Papiery instruktora mam już osiem lat. Zaczynałem w Widzewie Łódź u Pana Grzejszczakowskiego, pomagając mu i szkoląc się przy nim. Moim priorytetem trenerskim są bramkarze, nie ukrywam tego. Prowadzę bramkarzy w Akademii Futbolu w Widzewie i CHKSie. Pierwszym moim klubem, który prowadziłem był Tuszyn. Utrzymałem się z tym zespołem, było to pół roku, kiedy prowadziłem sam zajęcia. Utrzymaliśmy się, walczyliśmy do ostatniej kolejki. Zrezygnowałem z tej pracy gdy zaczęły się kłopoty. Nie było pieniędzy, zawodnicy poodchodzili, a ja swoim nazwiskiem nie będę wymazywał tego. Później prowadziłem parę klubów A- klasowych. Ostatnio prowadziłem Jordanów, który się rozwiązał. Przykre to troszeczkę bo zespół sobie stworzyliśmy, ale nasz pan prezes co roku miał jakieś inne zamiłowanie, chociaż szacunek mu się należy, bo wszystko sam ciągnął. Na swoim polu zrobił boisko, finansował wszystko i więcej takich ludzi w sporcie potrzeba i na pewno byłoby dużo lepiej. Szkoda, tylko, że po dwóch latach to wszystko się skończyło.

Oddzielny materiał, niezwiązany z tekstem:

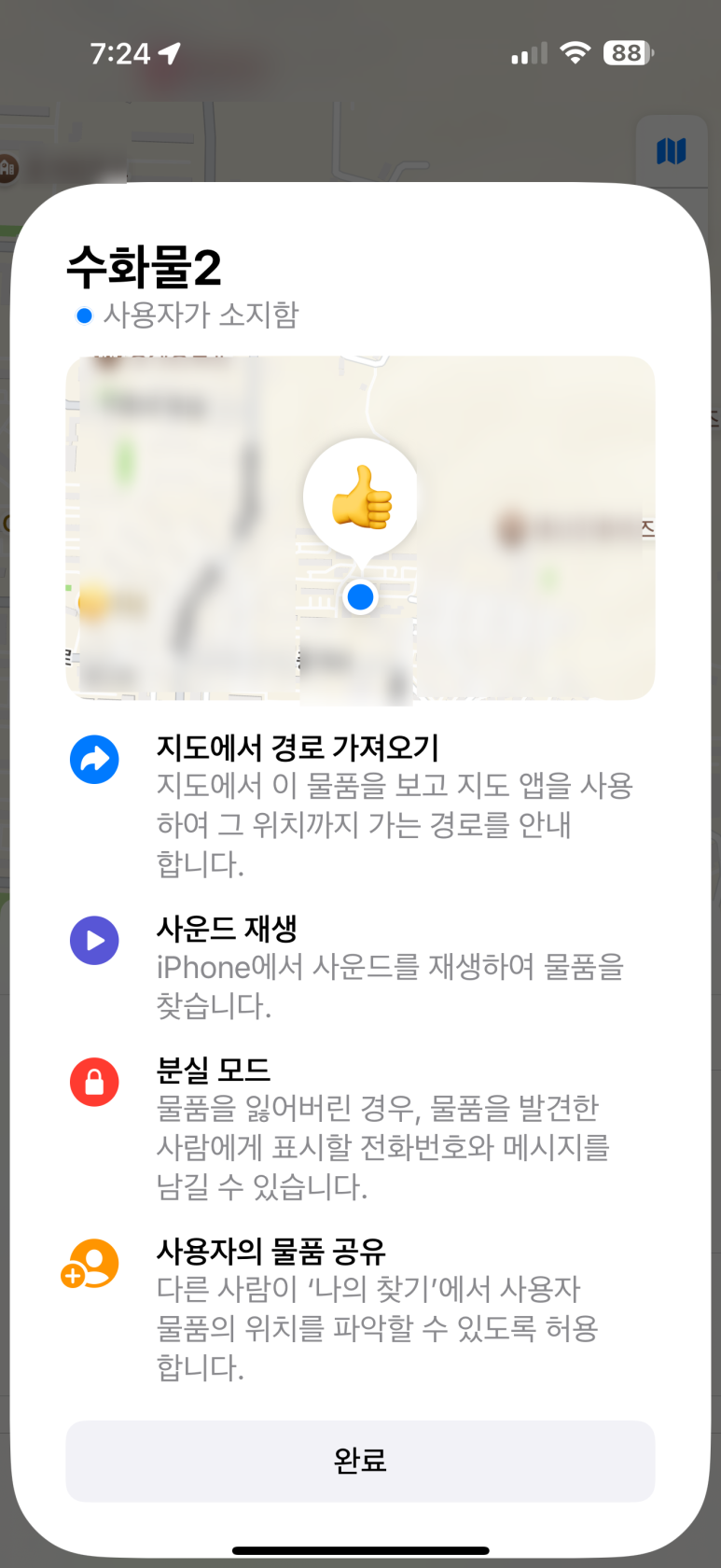 그래서... 취소하고 다시 동일한 과정을 진행하였습니다. 신기하네요. 이번엔 아무런 문제 없이 추가가 되었다고 나타납니다. 처음 진행할 때랑 달라진 건 아무것도 없는데, 두 번째에는 성공하였습니다. 애플 에어태그랑 동일하게 지도에서 경로 가져오기, 사운드 재생, 분실 모드, 물품 공유 등의 기능을 사용할 수 있다고 알려줍니다.

Jaka atmosfera według Pana panuje w klubie jak i w samej drużynie?
Rozmawiałem z zawodnikami. Atmosfera myślę, że jest bojowa. Chłopcy sami do siebie mają jakieś wyrzuty, że spadli z ligi. Patrząc na to, gdy po pierwszej rundzie byli na ósmym miejscu, trudno zrozumieć jak można było dopuścić do tego, żeby spaść. Nie wiem co było przyczyną, jakieś niesnaski może. Jednak myślę, że będzie wszystko dobrze, bo chłopaki są bojowo nastawieni. Chcą awansować, tylko, żeby im nie brakło siły dalej.

Jaka koncepcja gry i jakie cele będą przyświecać temu zespołowi w rozgrywkach A- klasy?
Myślę, że cel tutaj jest tylko jeden- awans. To będzie nas interesowało najbardziej. Tak się z prezesami umawiałem, że po prostu większość zawodników, trzon zespołu został, a doszło kilku naprawdę dobrych zawodników: Tomasz Kaczmarek, Sebastian Zieliński, Krzysztof Bogdan, Łukasz Wojtasik. Są to doświadczeni piłkarze. Nie będzie łatwo, bo w A- klasie  jest naprawdę parę wyrównanych zespołów. Ale myślę, że jak w klubie będzie wszystko poukładane i nie trzeba będzie się martwić o najdrobniejsze rzeczy to będzie dobrze.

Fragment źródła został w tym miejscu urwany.